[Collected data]
>>>

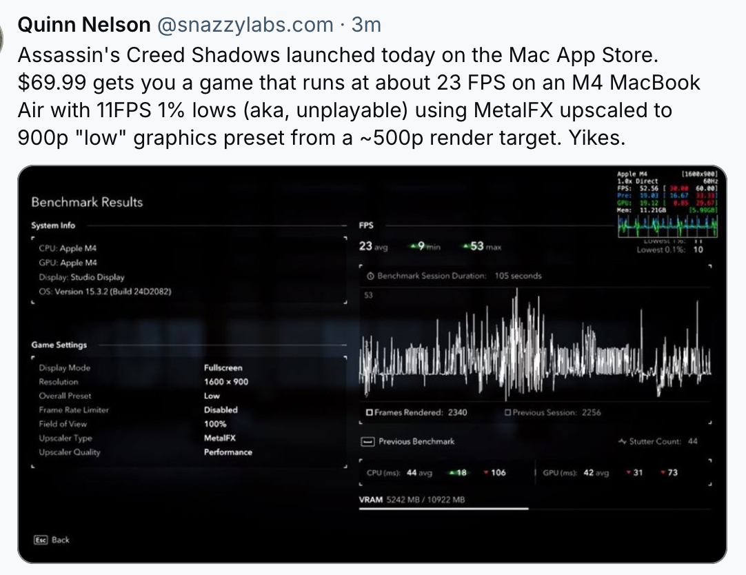 I’m probably going to buy this. I’m not a huge gamer and my only gaming machine is a Switch, but it’s great to see some AAA titles coming to Mac. I’m really enjoying Prince of Persia: Lost Crown. The graphics on my Mac Mini M2 Pro are impressive compared to my Switch and anything on iOS.
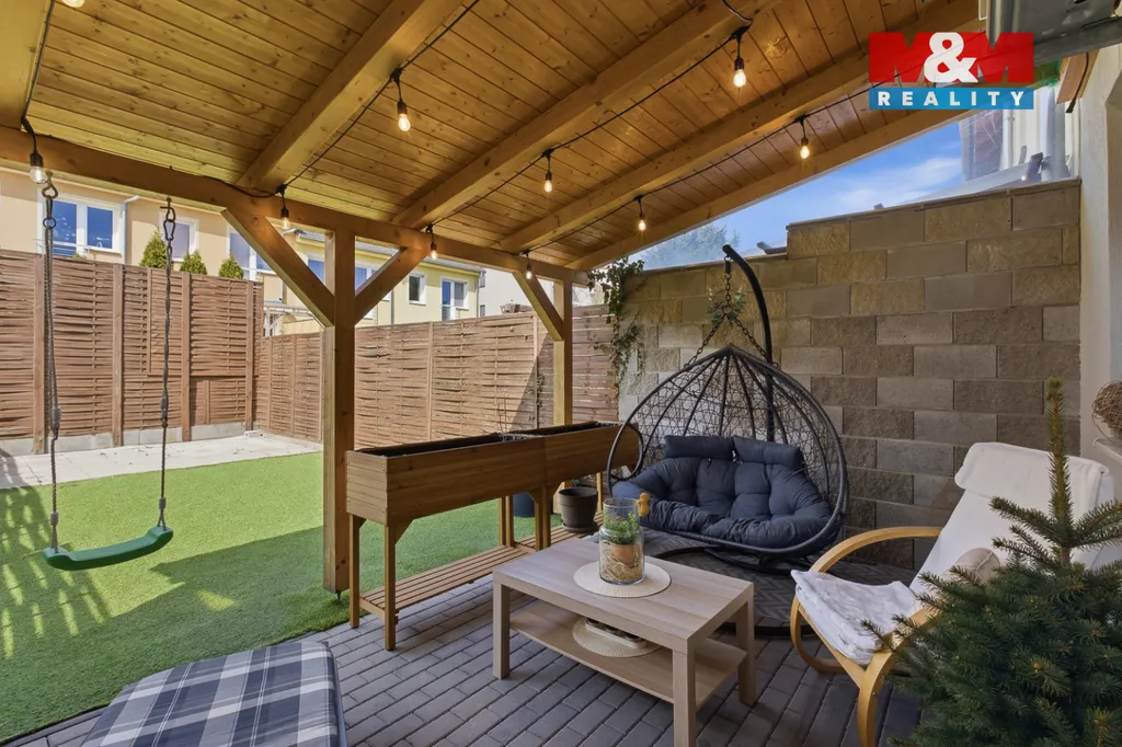 Na dům navazuje zahrada s dřevěnou pergolou, která nabízí ideální místo pro odpočinek, posezení s rodinou nebo letní grilování. Celkově se jedná o velmi příjemné bydlení, které kombinuje praktičnost, moderní vybavení a pohodovou atmosféru domova.
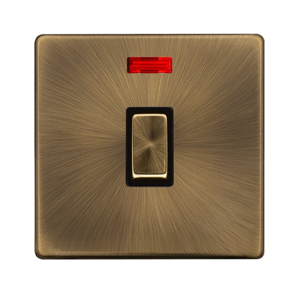 Click Definity Complete 20A Ingot Double Pole Switch With Neon Antique Brass Cover Plate Black Insert
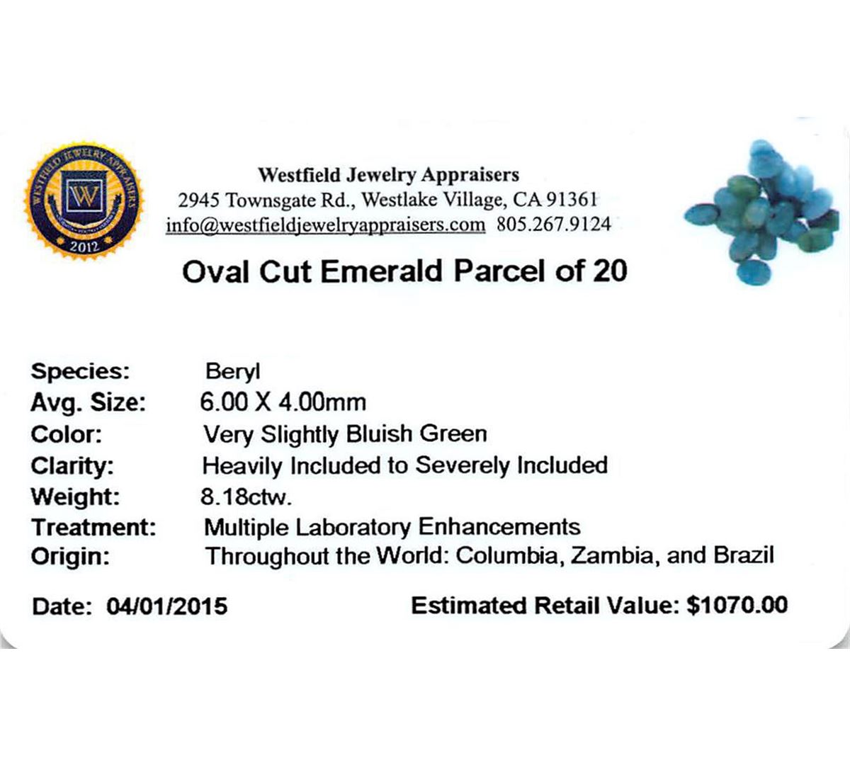 Twenty oval mixed cut natural emeralds exact total weight 8.18ct., clarity is heavily included, type III, medium, very slightly grayish, very slightly bluish green color, (GIA vslbG 5/3), cut is good. Westfield Appraised at $1,070.00.
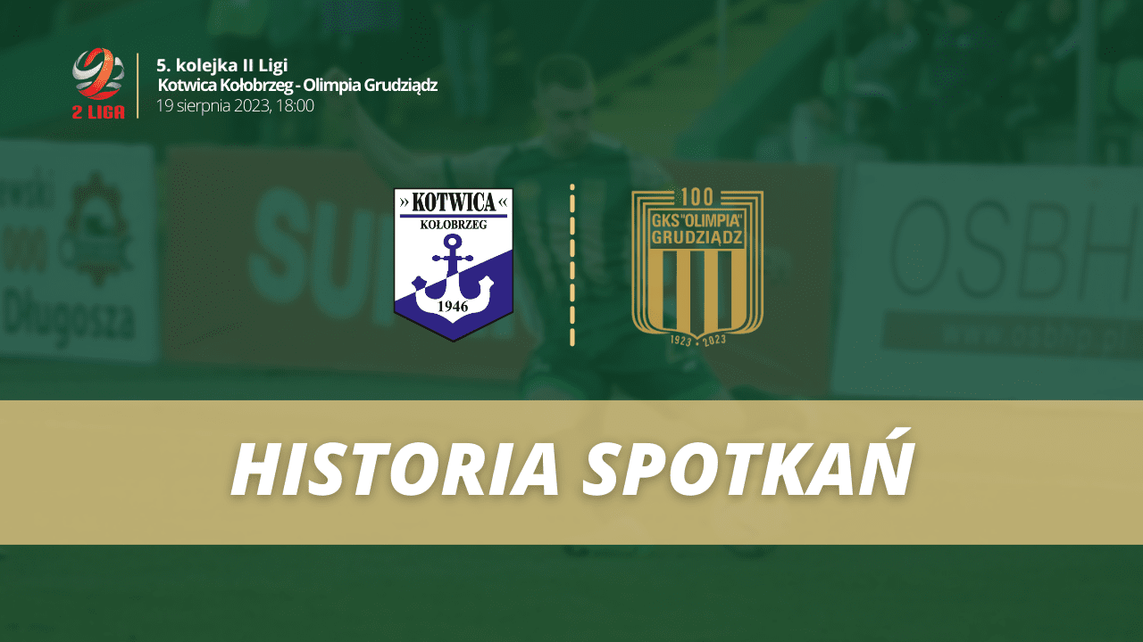 Historia spotkań Olimpii z Kotwicą opiera się na „pamiętnym” sezonie 2021/2022. „Biało-zieloni” u siebie przegrali 0:1, natomiast z Kołobrzegu Grudziądzanie przywieźli do domu 3 punkty, wygrywając na wyjeździe 2:0.
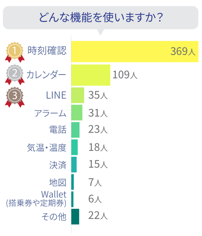 時刻確認以外では、「カレンダー」機能がトップです。
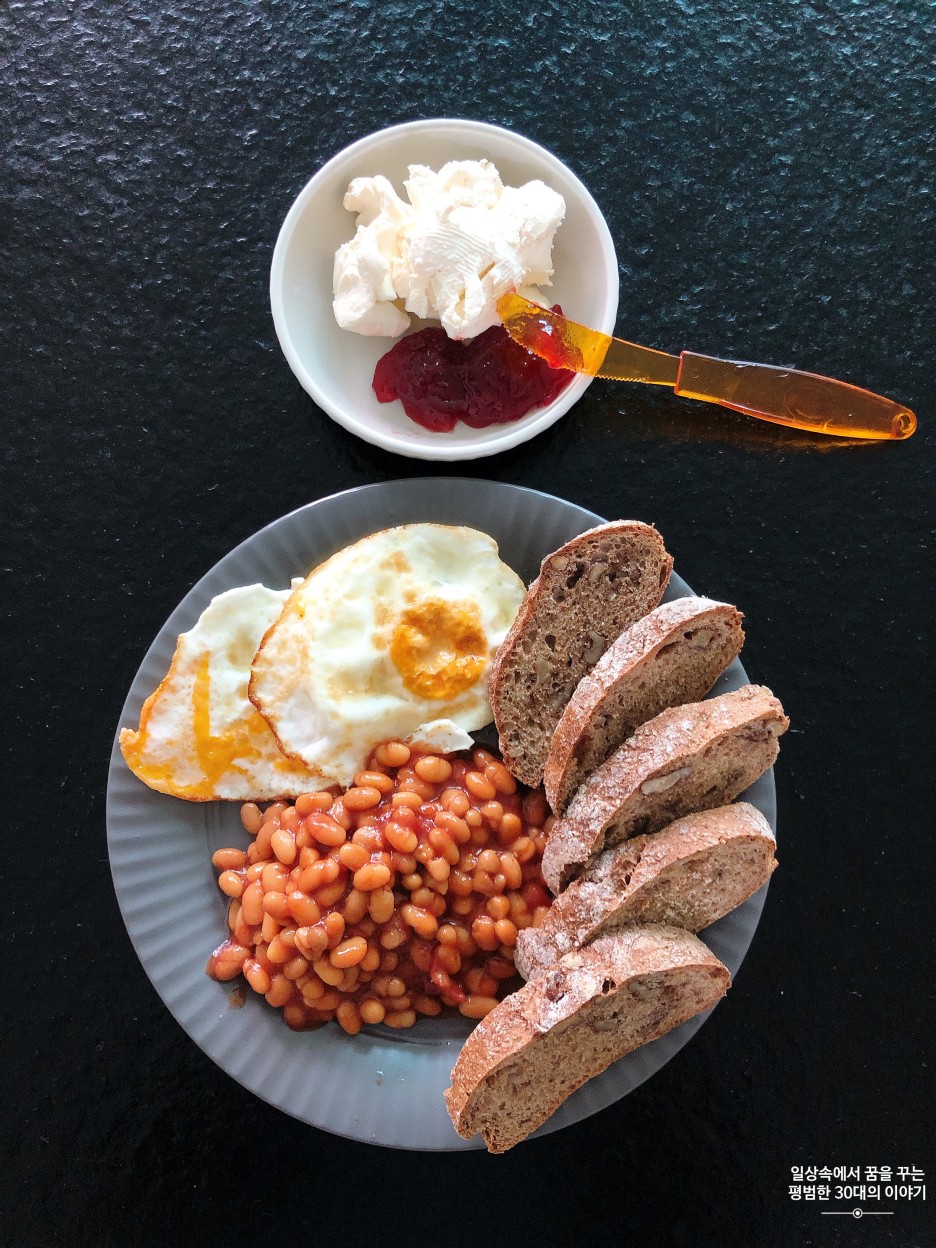 메뉴: 직접 구운 호밀빵, 계란 프라이, 베이크드 빈, 크림치즈, 딸기잼
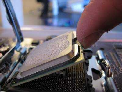 Sujetar la CPU por los bordes de las muescas. Alinee las muescas de la CPU con el zócalo de la CPU y baje el CPU, comenzando en el extremo con las muescas y soltando ligeramente el otro extremo de la CPU.
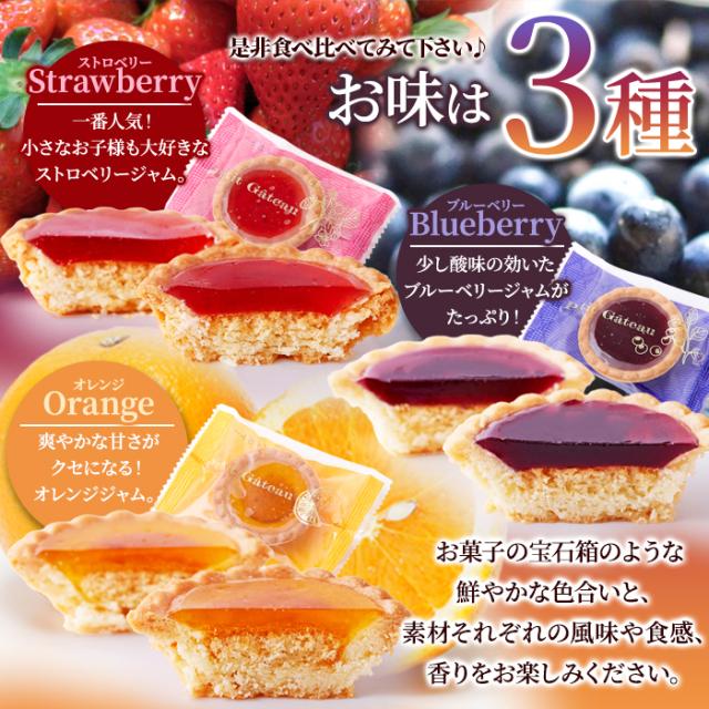 【見た目にも美しい】キラキラジャムのタルト♪ イチゴ・ブルーベリー・オレンジの3種類の味が食べ比べできます!!個包装30個入りでお届けいたします!!
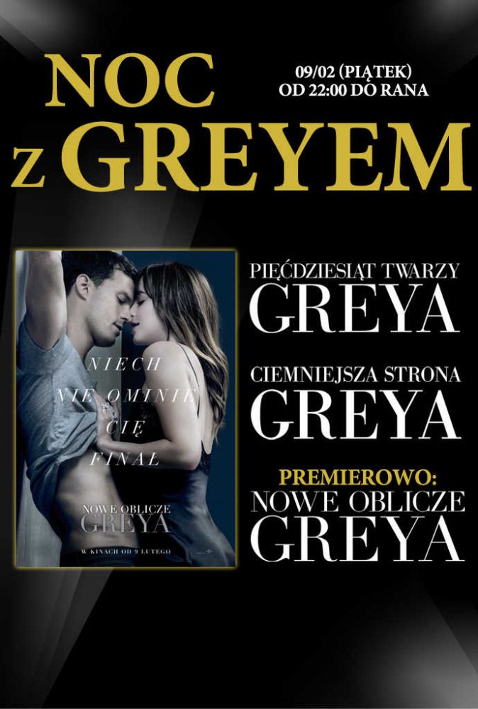 Noc z Greyem to specjalne, ekskluzywne walentynkowe wydarzenie dla wszystkich fanów najbardziej pikantnej i kontrowersyjnej serii ostatnich lat. Tej nocy będzie można obejrzeć wszystkie części trylogii, w tym premierowo najnowszą "Nowe oblicze Greya".
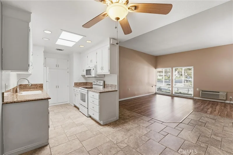 This light-filled Monterey model condo with inside laundry in Laguna Woods offers a perfect blend of security and style, starting with a large gated, lockable front patio that ensures total privacy and peace of mind. Upon entering, you are greeted by an expansive open floor plan featuring high ceilings, tumbled travertine, and faux wood flooring, while oversized front windows flood the living area with natural light. The gourmet kitchen is a chef’s delight, equipped with granite countertops, extensive storage for pots and pans, and matching Maytag appliances. Both bedrooms serve as elegant retreats, finished with wood flooring, large closets, and classic crown moldings, while the spa-like bathroom impresses with granite countertops, travertine floors, and a custom travertine shower with seamless glass doors. Even more home in-home laundry! Perfectly situated with a large front yard and located just steps from a convenient community bus stop, this home combines modern luxury with an ideal, accessible location. Beyond the front door, the City of Laguna Woods provides a secure, guard-gated sanctuary defined by lush, well-manicured landscaping and tranquil greenbelts maintained by the HOA. Life in Laguna Woods Village means enjoying resort-style living every single day with access to a remarkable array of amenities, including 27 holes of championship golf, a 9-hole executive course, tennis and pickleball courts, multiple swimming pools, and state-of-the-art fitness centers. Residents also benefit from equestrian facilities, professional art studios, woodworking shops, and performing arts venues, alongside over 250 social clubs and classes—ensuring there’s always something new to do and new friends to meet. Surrounded by scenic walking paths and rolling greenbelts, this community is meticulously designed for relaxation, recreation, and connection.

<<<

Write out all the entries exactly, except for the pictures.

> _Answer space_:
 I’m probably going to buy this. I’m not a huge gamer and my only gaming machine is a Switch, but it’s great to see some AAA titles coming to Mac. I’m really enjoying Prince of Persia: Lost Crown. The graphics on my Mac Mini M2 Pro are impressive compared to my Switch and anything on iOS.
 Na dům navazuje zahrada s dřevěnou pergolou, která nabízí ideální místo pro odpočinek, posezení s rodinou nebo letní grilování. Celkově se jedná o velmi příjemné bydlení, které kombinuje praktičnost, moderní vybavení a pohodovou atmosféru domova.
 Click Definity Complete 20A Ingot Double Pole Switch With Neon Antique Brass Cover Plate Black Insert
 Twenty oval mixed cut natural emeralds exact total weight 8.18ct., clarity is heavily included, type III, medium, very slightly grayish, very slightly bluish green color, (GIA vslbG 5/3), cut is good. Westfield Appraised at $1,070.00.
 Historia spotkań Olimpii z Kotwicą opiera się na „pamiętnym” sezonie 2021/2022. „Biało-zieloni” u siebie przegrali 0:1, natomiast z Kołobrzegu Grudziądzanie przywieźli do domu 3 punkty, wygrywając na wyjeździe 2:0.
 時刻確認以外では、「カレンダー」機能がトップです。
 메뉴: 직접 구운 호밀빵, 계란 프라이, 베이크드 빈, 크림치즈, 딸기잼
 Sujetar la CPU por los bordes de las muescas. Alinee las muescas de la CPU con el zócalo de la CPU y baje el CPU, comenzando en el extremo con las muescas y soltando ligeramente el otro extremo de la CPU.
 【見た目にも美しい】キラキラジャムのタルト♪ イチゴ・ブルーベリー・オレンジの3種類の味が食べ比べできます!!個包装30個入りでお届けいたします!!
 Noc z Greyem to specjalne, ekskluzywne walentynkowe wydarzenie dla wszystkich fanów najbardziej pikantnej i kontrowersyjnej serii ostatnich lat. Tej nocy będzie można obejrzeć wszystkie części trylogii, w tym premierowo najnowszą "Nowe oblicze Greya".
 This light-filled Monterey model condo with inside laundry in Laguna Woods offers a perfect blend of security and style, starting with a large gated, lockable front patio that ensures total privacy and peace of mind. Upon entering, you are greeted by an expansive open floor plan featuring high ceilings, tumbled travertine, and faux wood flooring, while oversized front windows flood the living area with natural light. The gourmet kitchen is a chef’s delight, equipped with granite countertops, extensive storage for pots and pans, and matching Maytag appliances. Both bedrooms serve as elegant retreats, finished with wood flooring, large closets, and classic crown moldings, while the spa-like bathroom impresses with granite countertops, travertine floors, and a custom travertine shower with seamless glass doors. Even more home in-home laundry! Perfectly situated with a large front yard and located just steps from a convenient community bus stop, this home combines modern luxury with an ideal, accessible location. Beyond the front door, the City of Laguna Woods provides a secure, guard-gated sanctuary defined by lush, well-manicured landscaping and tranquil greenbelts maintained by the HOA. Life in Laguna Woods Village means enjoying resort-style living every single day with access to a remarkable array of amenities, including 27 holes of championship golf, a 9-hole executive course, tennis and pickleball courts, multiple swimming pools, and state-of-the-art fitness centers. Residents also benefit from equestrian facilities, professional art studios, woodworking shops, and performing arts venues, alongside over 250 social clubs and classes—ensuring there’s always something new to do and new friends to meet. Surrounded by scenic walking paths and rolling greenbelts, this community is meticulously designed for relaxation, recreation, and connection.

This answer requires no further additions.